Une étude menée en Camargue révèle que les spatules blanches utilisent aussi bien les zones humides modérément protégées que celles fortement protégées. La complémentarité des modes de gestion en Camargue semble profiter à l’espèce, en particulier la gestion des marais chassés et des réserves naturelles protégées selon le cycle annuel.
La fragmentation des paysages représente un défi majeur pour la conservation des espèces mobiles et spécialisées comme les oiseaux d’eau. Face à cette problématique, les zones protégées jouent un rôle essentiel pour la préservation de la biodiversité. Une récente étude menée en Camargue sur la spatule blanche (Platalea leucorodia) révèle que cette espèce parvient à bénéficier des changements globaux actuels grâce à sa capacité à exploiter des habitats appropriés, qu’ils soient gérés de façon plus ou moins interventionniste. Le suivi de 91 spatules équipées de balises GPS entre 2016 et 2023, met en évidence des différences significatives dans l’utilisation spatiale du territoire selon l’âge des individus, tout en soulevant la question de la dépendance des espèces à des espaces naturelles fortement gérés par l’humain.

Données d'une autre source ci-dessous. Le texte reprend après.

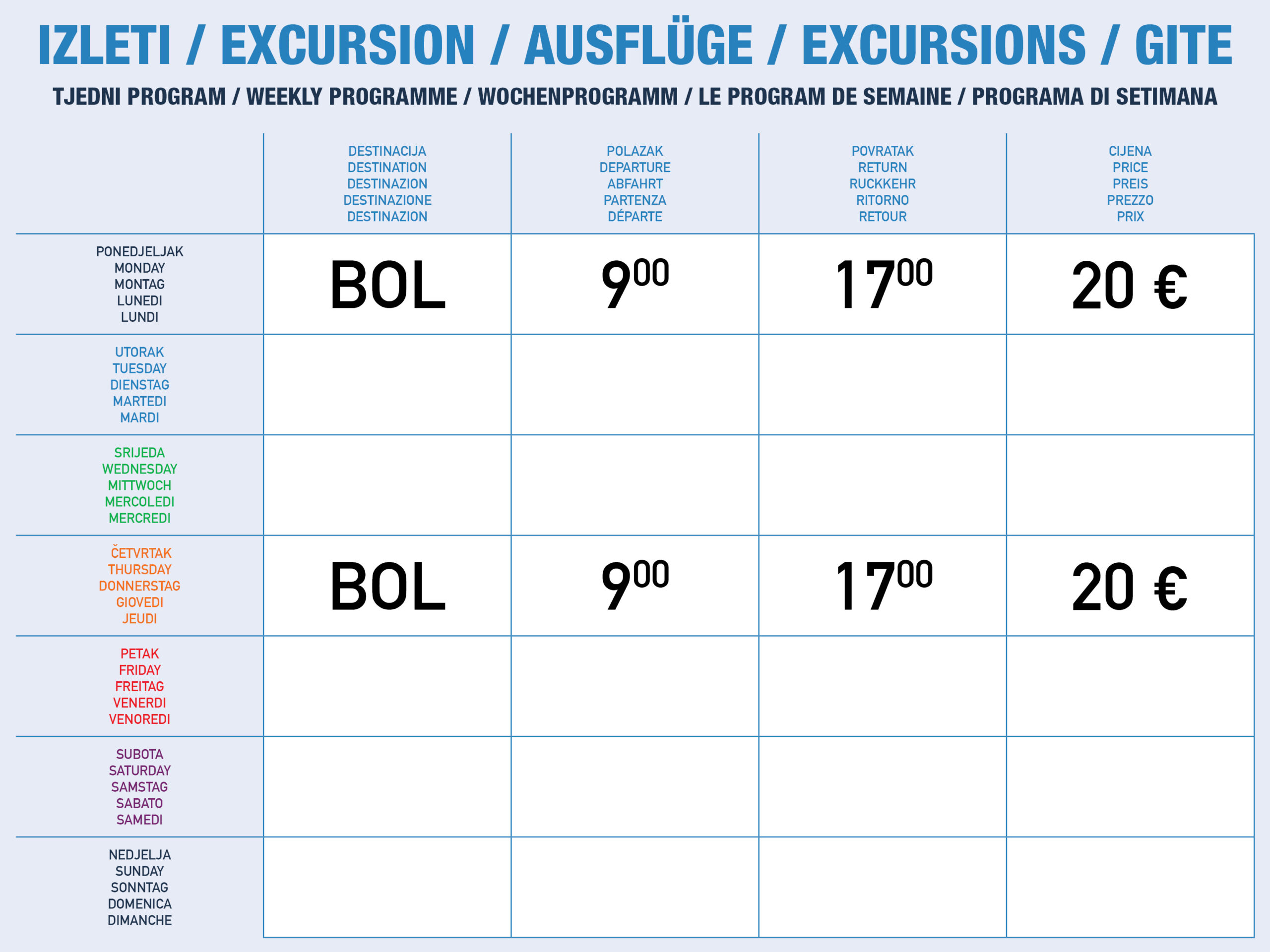 Jelsa – Bol s polaskom u 09.00h i povratkom u 17.00h.
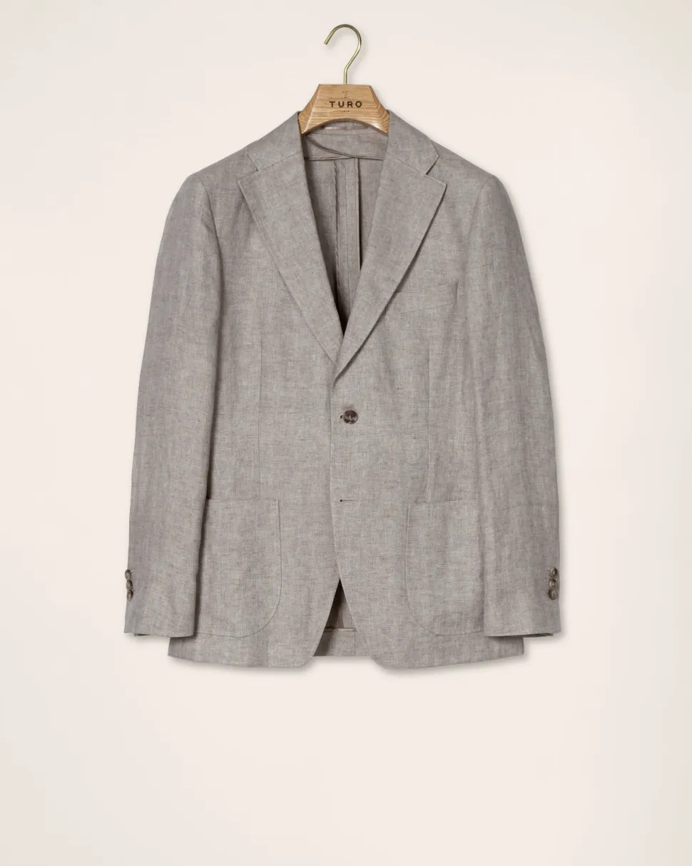 Vaalea kesäinen irtotakki rennolla mitoituksella. Angelicon loihtiman upean pellavakankaan ansiosta tässä takissa on mukava nauttia kesäpäivistä tai juhlia vaikka hieman lämpimissäkin olosuhteissa. Takkiin on saatavana myös housut.

Des préférences spatiales liées à l’âge
L’analyse des données de géolocalisation démontre que les spatules blanches juvéniles et immatures ont tendance à plus fréquenter les zones au statut de protection modéré que les zones fortement protégées, contrairement aux adultes qui ne montrent pas de préférence marquée et utilisent aussi bien ces zones. De fait, les jeunes spatules adoptent également un comportement plus exploratoire que les adultes, en utilisant un plus grand nombre de sites différents tout au long de l’année.
Selon Hugo Ferreira, premier auteur de l’étude : « Ce comportement différencié entre les jeunes et les adultes pourrait s’expliquer de plusieurs manières, potentiellement cumulables : comme une stratégie d’évitement de la compétition pour la nourriture avec des adultes plus expérimentés, comme une phase d’exploration nécessaire à l’acquisition de connaissances sur leur environnement, ou tout simplement comme un manque d’expérience pour l’identification des zones les plus favorables. »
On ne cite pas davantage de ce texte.